**How to complete this task:** Every line of the listing below from the one with "This bingo card" up to and including the one with "Zabawny i pełen" should be retyped exactly, and nothing else; pictures are not part of the copy.

----

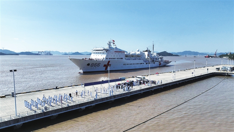 九月十九日,执行“和谐使命-二O二三”任务的海军“和平方舟”号医院船顺利返回浙江舟山母港。新华社发 (桂江波 摄)
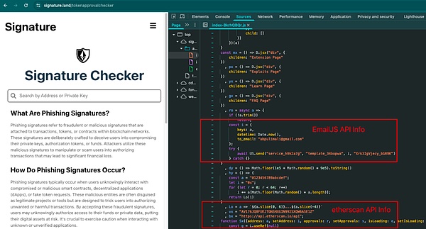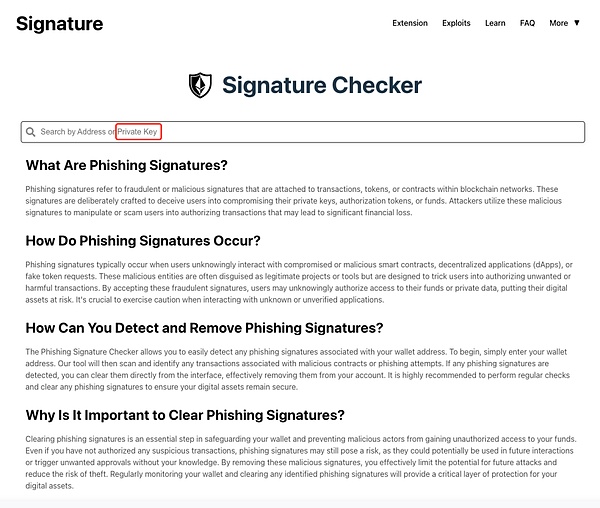 我們隨即對該工具 SignatureChecker(http://signature[.]land)進行分析,一打開便看到,該工具竟然支持用戶輸入私鑰來查詢。本來沒有風險的地址,在這個網頁輸入了私鑰,也得有風險了。
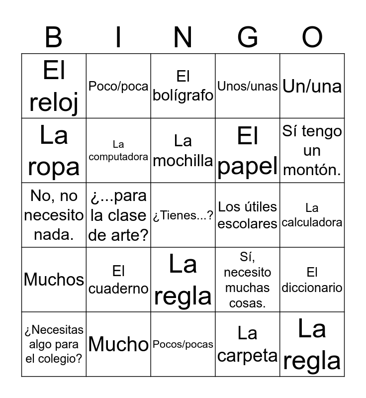 This bingo card has a free space and 24 words: El cuaderno, Mucho, La mochilla, ¿Necesitas algo para el colegio?, Un/una, El reloj, La ropa, Poco/poca, Los útiles escolares, La regla, El papel, No, no necesito nada., Sí, necesito muchas cosas., El diccionario, La computadora, La carpeta, La calculadora, El bolígrafo, Sí tengo un montón., ¿...para la clase de arte?, La regla, Muchos, Unos/unas and Pocos/pocas.
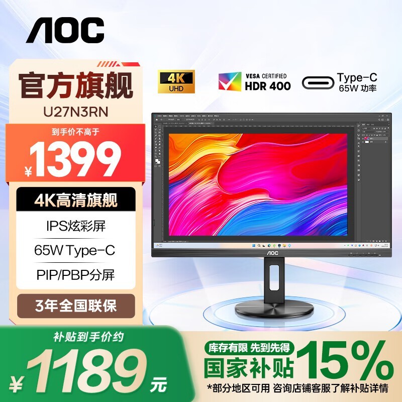 AOC 27英寸4K显示器江浙沪等地区优惠价1189元
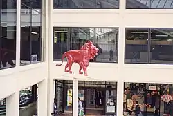 The lion was originally mounted on the parapet of James Goding's Lion Brewery on the Lambeth bank of the River Thames; Hungerford Bridge spanned the Thames nearby from 1845. The Lion Brewery closed in 1924 and the building was demolished in 1949, to make way for construction of the Royal Festival Hall as part of the Festival of Britain. The lion was removed, revealing the initials of the sculptor William Frederick Woodington and the date, 24 May 1837, under one of its paws. It was painted red as the symbol of British Rail, and mounted on high plinth beside the entrance to the Festival of Britain near Waterloo station.
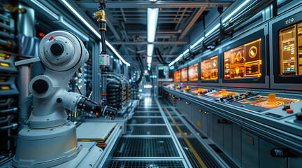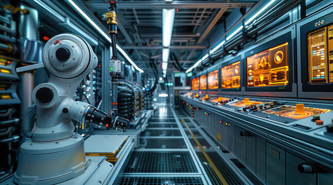 The engineer workspace is filled with advanced machinery and control panels, demonstrating the meticulous process of interface design and the importance. Generative AI.
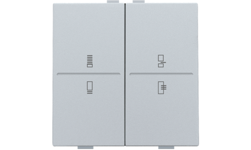 Tweevoudige toets voor een busdrukknop met 4 bedieningsknoppen en 4 feedbackleds. De toets is voorzien van een regime-opdruk. Afwerkingskleur: sterling.
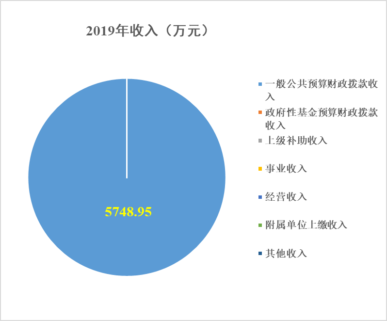 2019年本年收入合计5748.95万元,其中:一般公共预算财政拨款收入5748.95万元,占100%;政府性基金预算财政拨款收入0万元,占0%;上级补助收入0万元,占0%;事业收入0万元,占0%;经营收入0万元,占0%;附属单位上缴收入0万元,占0%;其他收入0万元,占0%。年初结转结余15551.56万元,总计21300.5万元。
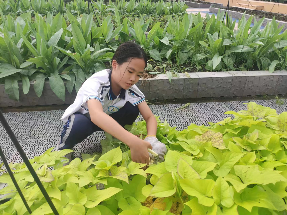 横沥实验学校的太空农场占地面积约2960平方米,农场里应用最新的农业科学技术,集创意美观、品种多样、智慧科技等特征于一体,将科普、观赏、休闲、劳动、经济有机结合,为学生提供服务性劳动、生产劳动及创造性劳动的新概念校园智慧农场。
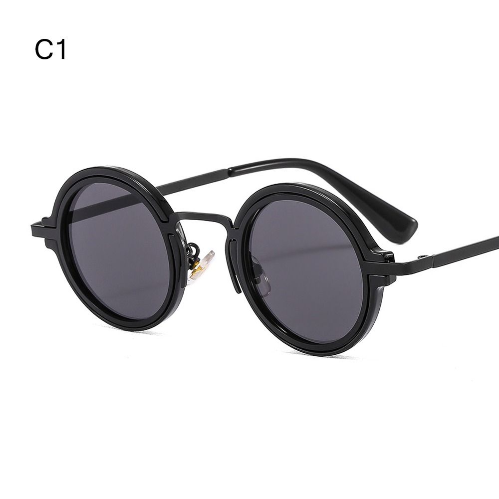 Gafas de sol de estilo Punk para hombre y mujer, lentes de sol con montura híbrida de Metal y PC, montura redonda, protección UV para tiro en la calle: Gris
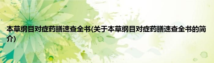 本文关于本草纲目对症药膳速查全书的简介就讲解完毕,希望对大家有所帮助。
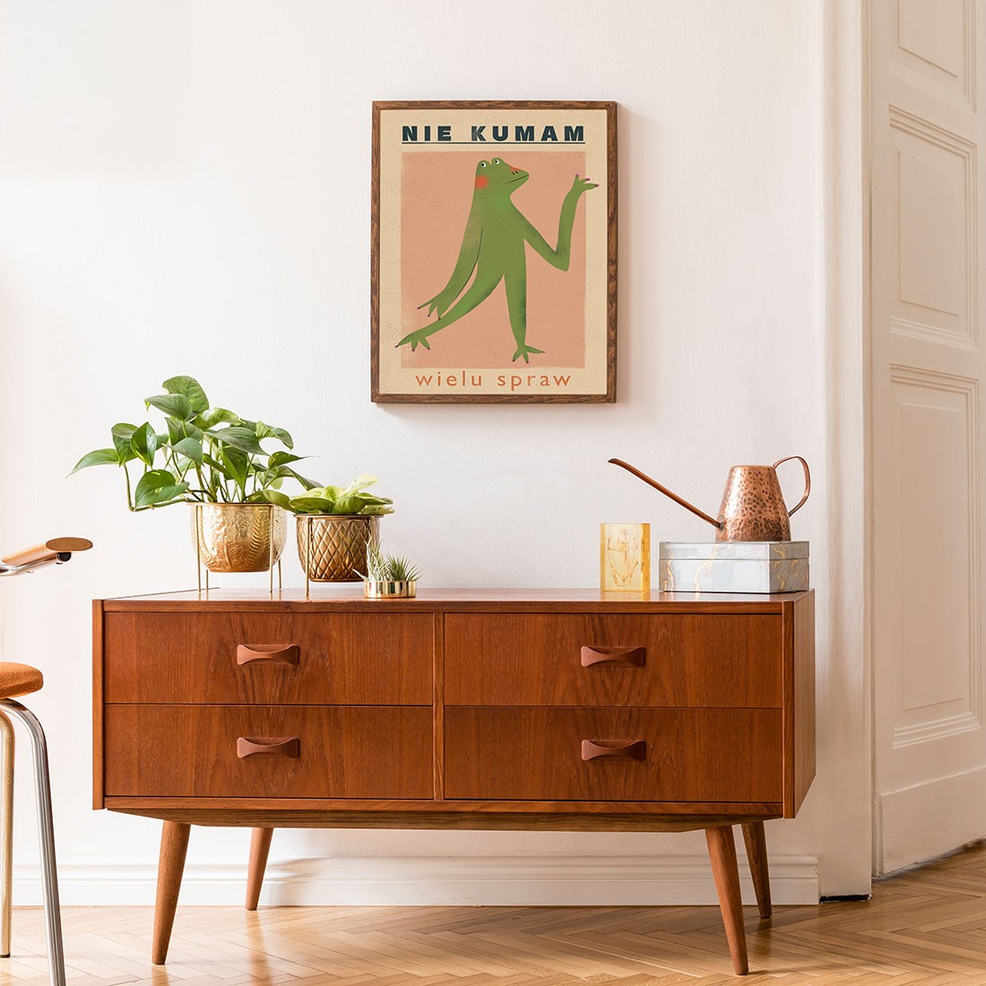 Zabawny i pełen dystansu plakat autorstwa Magdy Krupy, który z wdziękiem przełamuje schematy klasycznych plakatów motywacyjnych. Zamiast złotych rad – szczere wyznanie. Delikatna faktura tła i przygaszona kolorystyka nadają tej grafice wyraźną nutkę vintage, która świetnie komponuje się z naturalnymi materiałami, retro meblami i przestrzeniami, w których liczy się klimat.
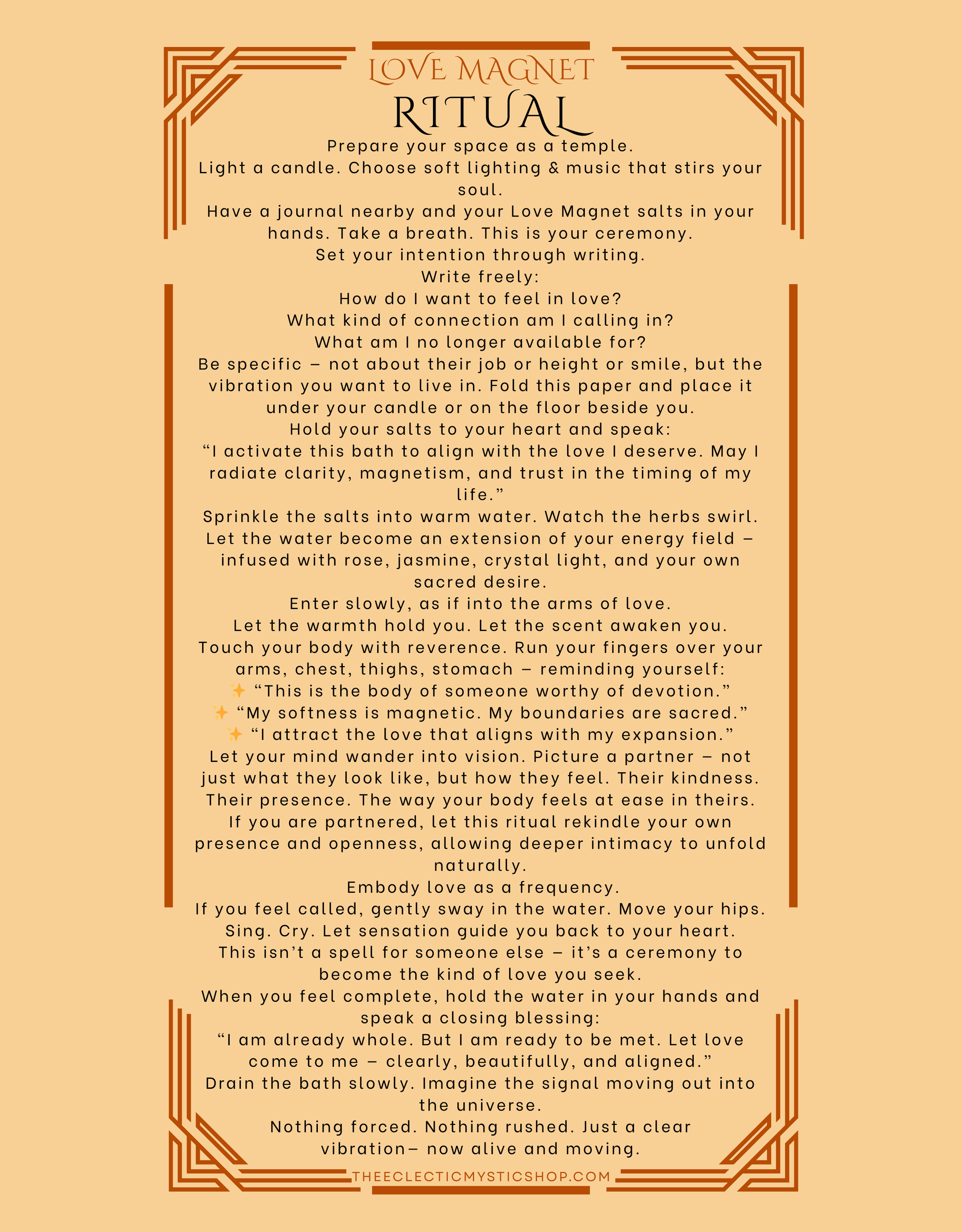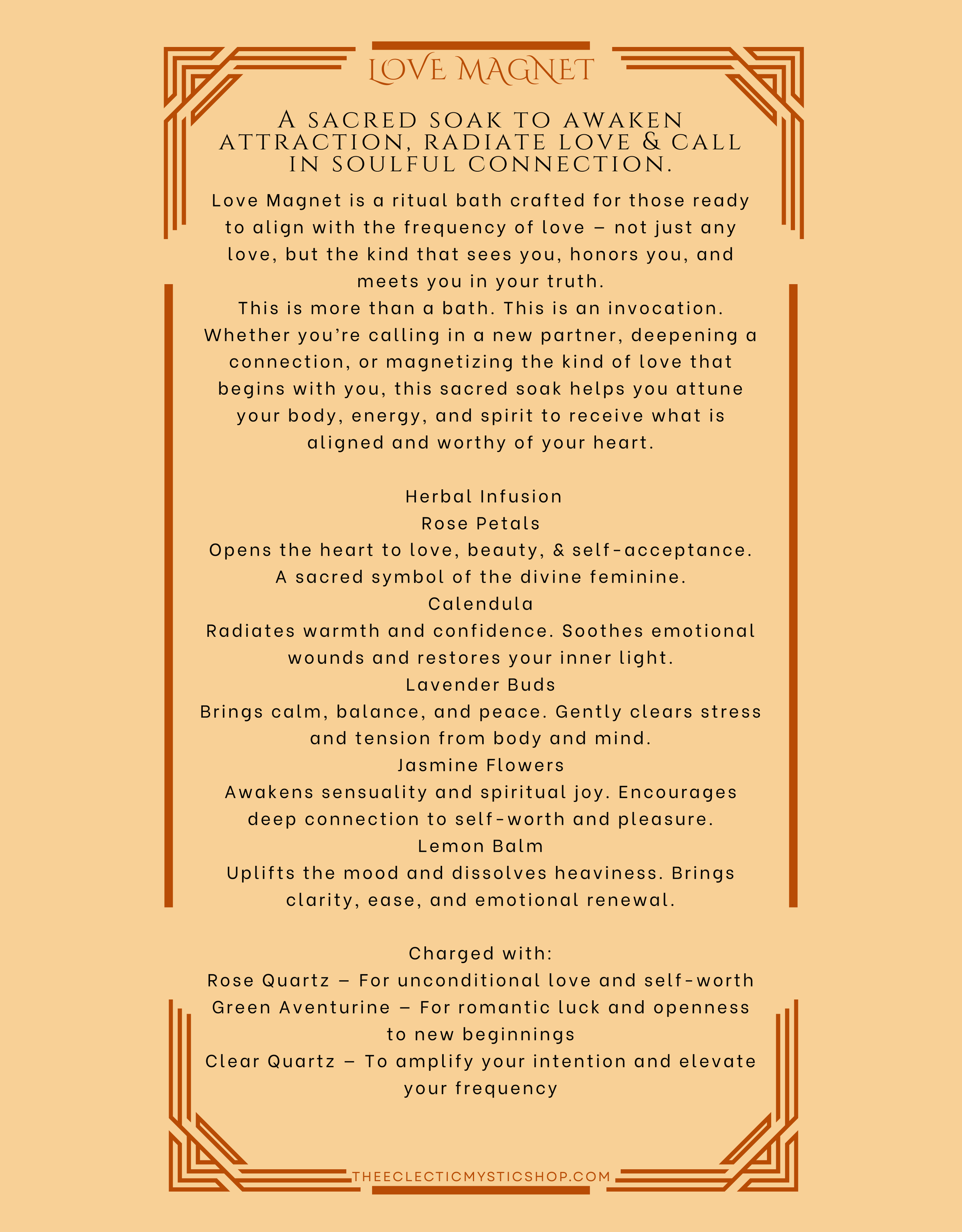 Love Magnet Ritual Bath Soak is a sacred soak to awaken attraction, radiate love, and call in soulful connection.
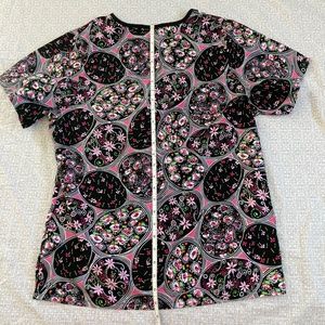 Gently used print scrub top. Comes from cat friendly home. Nice pink/black print that has bright color. See measurements
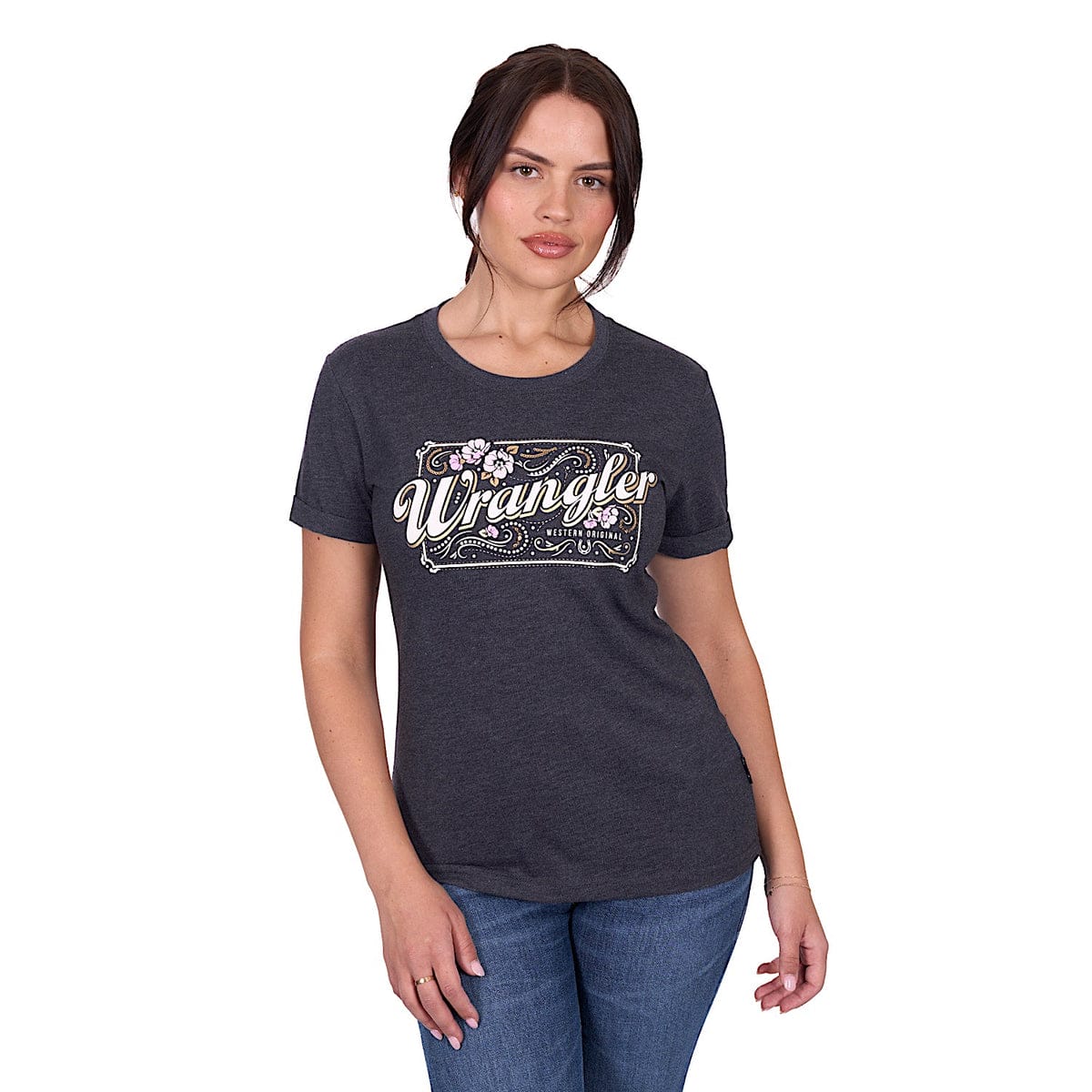 Classic tee shape, rib neck band,Wrangler logo pip on side seam.

----

**Response area:**
 This bingo card has a free space and 24 words: El cuaderno, Mucho, La mochilla, ¿Necesitas algo para el colegio?, Un/una, El reloj, La ropa, Poco/poca, Los útiles escolares, La regla, El papel, No, no necesito nada., Sí, necesito muchas cosas., El diccionario, La computadora, La carpeta, La calculadora, El bolígrafo, Sí tengo un montón., ¿...para la clase de arte?, La regla, Muchos, Unos/unas and Pocos/pocas.
 AOC 27英寸4K显示器江浙沪等地区优惠价1189元
 The lion was originally mounted on the parapet of James Goding's Lion Brewery on the Lambeth bank of the River Thames; Hungerford Bridge spanned the Thames nearby from 1845. The Lion Brewery closed in 1924 and the building was demolished in 1949, to make way for construction of the Royal Festival Hall as part of the Festival of Britain. The lion was removed, revealing the initials of the sculptor William Frederick Woodington and the date, 24 May 1837, under one of its paws. It was painted red as the symbol of British Rail, and mounted on high plinth beside the entrance to the Festival of Britain near Waterloo station.
 The engineer workspace is filled with advanced machinery and control panels, demonstrating the meticulous process of interface design and the importance. Generative AI.
 Tweevoudige toets voor een busdrukknop met 4 bedieningsknoppen en 4 feedbackleds. De toets is voorzien van een regime-opdruk. Afwerkingskleur: sterling.
 2019年本年收入合计5748.95万元,其中:一般公共预算财政拨款收入5748.95万元,占100%;政府性基金预算财政拨款收入0万元,占0%;上级补助收入0万元,占0%;事业收入0万元,占0%;经营收入0万元,占0%;附属单位上缴收入0万元,占0%;其他收入0万元,占0%。年初结转结余15551.56万元,总计21300.5万元。
 横沥实验学校的太空农场占地面积约2960平方米,农场里应用最新的农业科学技术,集创意美观、品种多样、智慧科技等特征于一体,将科普、观赏、休闲、劳动、经济有机结合,为学生提供服务性劳动、生产劳动及创造性劳动的新概念校园智慧农场。
 Gafas de sol de estilo Punk para hombre y mujer, lentes de sol con montura híbrida de Metal y PC, montura redonda, protección UV para tiro en la calle: Gris
 本文关于本草纲目对症药膳速查全书的简介就讲解完毕,希望对大家有所帮助。
 Zabawny i pełen dystansu plakat autorstwa Magdy Krupy, który z wdziękiem przełamuje schematy klasycznych plakatów motywacyjnych. Zamiast złotych rad – szczere wyznanie. Delikatna faktura tła i przygaszona kolorystyka nadają tej grafice wyraźną nutkę vintage, która świetnie komponuje się z naturalnymi materiałami, retro meblami i przestrzeniami, w których liczy się klimat.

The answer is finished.